Problem requirements - Shown below are entries with pictures; the line with "2020年7月、自転車活用推" through the line with "Eurer Mama war" is the span to retype exactly, and the pictures stay out.

Material supplied -
_ _ _

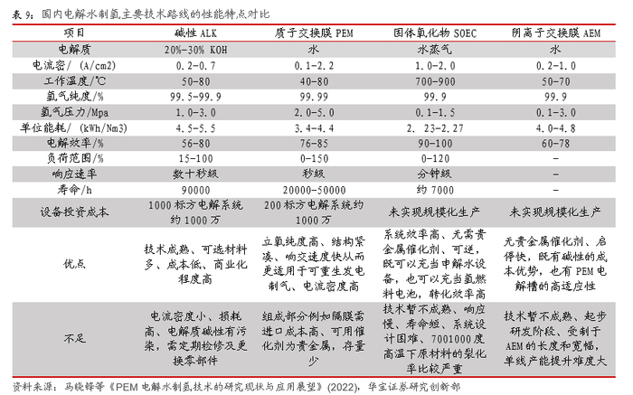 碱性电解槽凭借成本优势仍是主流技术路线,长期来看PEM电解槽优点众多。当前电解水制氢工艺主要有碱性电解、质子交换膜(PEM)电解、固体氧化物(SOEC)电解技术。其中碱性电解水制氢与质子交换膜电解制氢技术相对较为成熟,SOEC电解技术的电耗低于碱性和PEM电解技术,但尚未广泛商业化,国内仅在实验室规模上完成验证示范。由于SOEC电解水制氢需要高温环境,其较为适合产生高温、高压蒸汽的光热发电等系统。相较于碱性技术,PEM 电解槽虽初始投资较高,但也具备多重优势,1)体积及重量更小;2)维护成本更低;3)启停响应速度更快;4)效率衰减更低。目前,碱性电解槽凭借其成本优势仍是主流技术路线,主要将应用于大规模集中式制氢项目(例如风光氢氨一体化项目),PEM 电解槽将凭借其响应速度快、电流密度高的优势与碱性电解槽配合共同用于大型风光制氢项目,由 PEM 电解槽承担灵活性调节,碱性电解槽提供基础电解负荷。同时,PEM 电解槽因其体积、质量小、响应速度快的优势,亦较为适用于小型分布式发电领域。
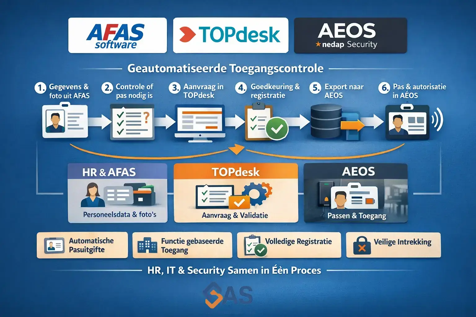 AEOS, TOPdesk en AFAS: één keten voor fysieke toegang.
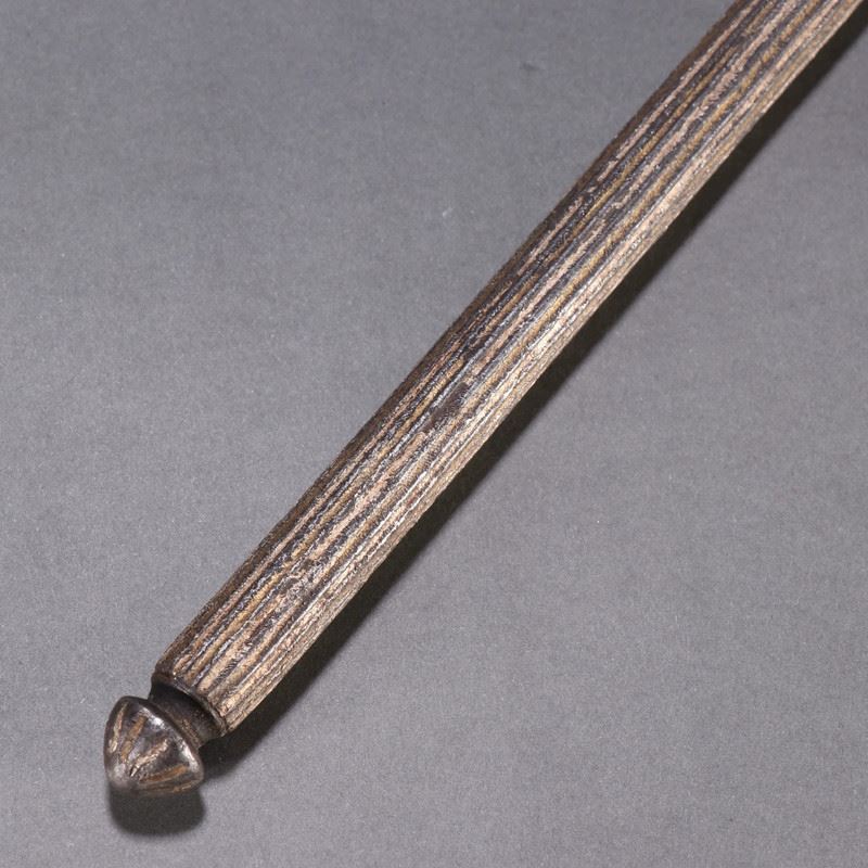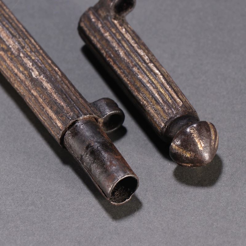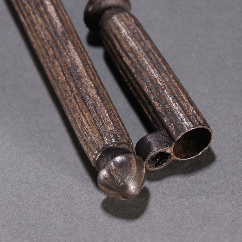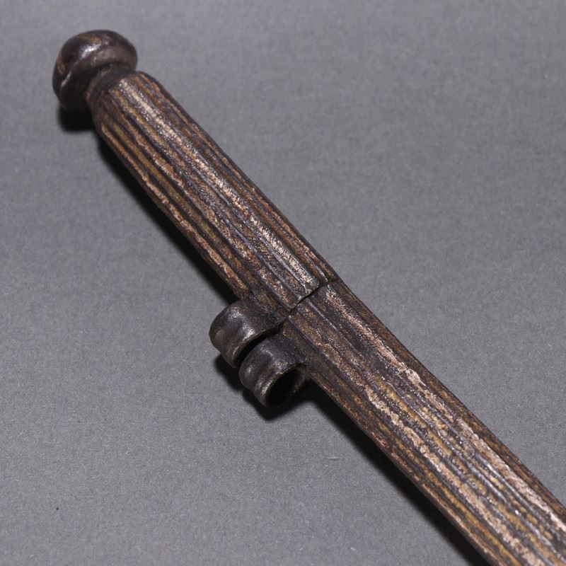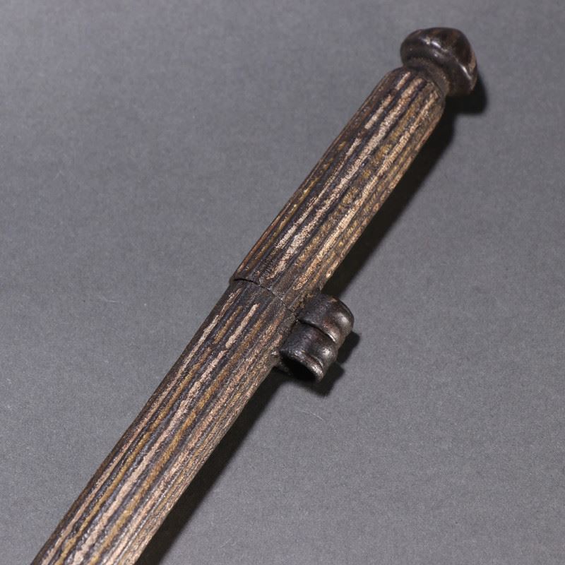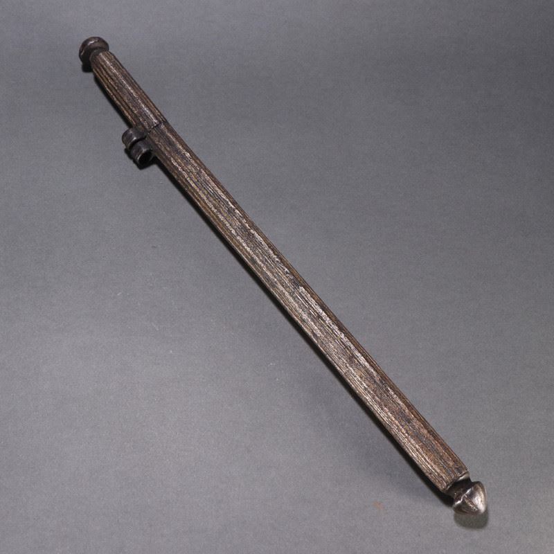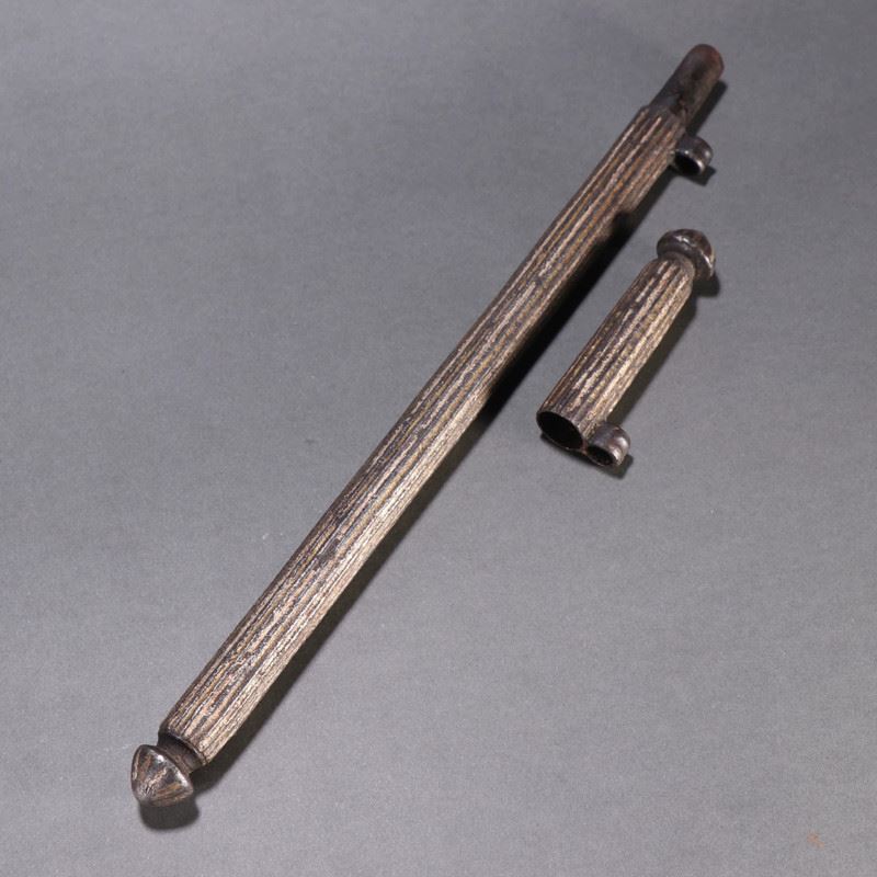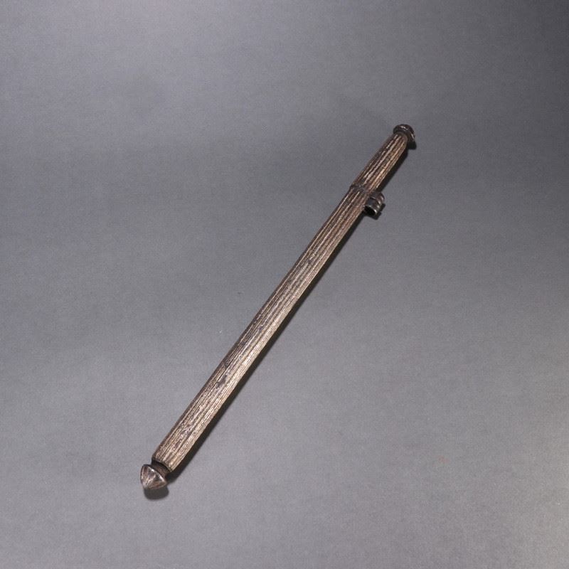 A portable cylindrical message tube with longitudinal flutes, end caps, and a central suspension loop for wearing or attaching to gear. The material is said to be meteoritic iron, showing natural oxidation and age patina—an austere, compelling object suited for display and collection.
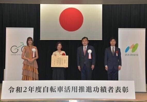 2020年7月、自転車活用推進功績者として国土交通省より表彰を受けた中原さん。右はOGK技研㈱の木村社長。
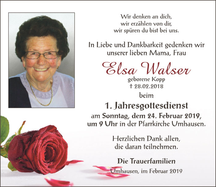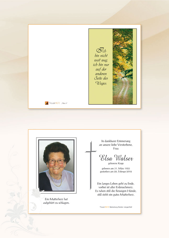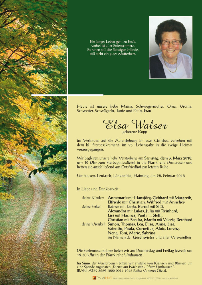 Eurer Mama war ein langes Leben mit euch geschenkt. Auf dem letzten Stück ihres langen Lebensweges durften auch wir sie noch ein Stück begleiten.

_ _ _

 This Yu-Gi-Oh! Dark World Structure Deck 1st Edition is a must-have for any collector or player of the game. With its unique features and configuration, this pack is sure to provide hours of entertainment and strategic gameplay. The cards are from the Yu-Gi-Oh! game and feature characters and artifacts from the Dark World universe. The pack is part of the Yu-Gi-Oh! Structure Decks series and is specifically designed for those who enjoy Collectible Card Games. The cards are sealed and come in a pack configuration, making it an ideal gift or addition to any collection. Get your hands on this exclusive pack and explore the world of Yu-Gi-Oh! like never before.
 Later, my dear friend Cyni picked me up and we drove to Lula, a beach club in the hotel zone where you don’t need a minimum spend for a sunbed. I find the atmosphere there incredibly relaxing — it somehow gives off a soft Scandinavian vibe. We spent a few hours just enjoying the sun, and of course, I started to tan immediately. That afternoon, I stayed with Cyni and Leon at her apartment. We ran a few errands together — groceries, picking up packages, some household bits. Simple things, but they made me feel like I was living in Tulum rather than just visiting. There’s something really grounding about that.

_ _ _

Written solution -
 2020年7月、自転車活用推進功績者として国土交通省より表彰を受けた中原さん。右はOGK技研㈱の木村社長。
 Eurer Mama war ein langes Leben mit euch geschenkt. Auf dem letzten Stück ihres langen Lebensweges durften auch wir sie noch ein Stück begleiten.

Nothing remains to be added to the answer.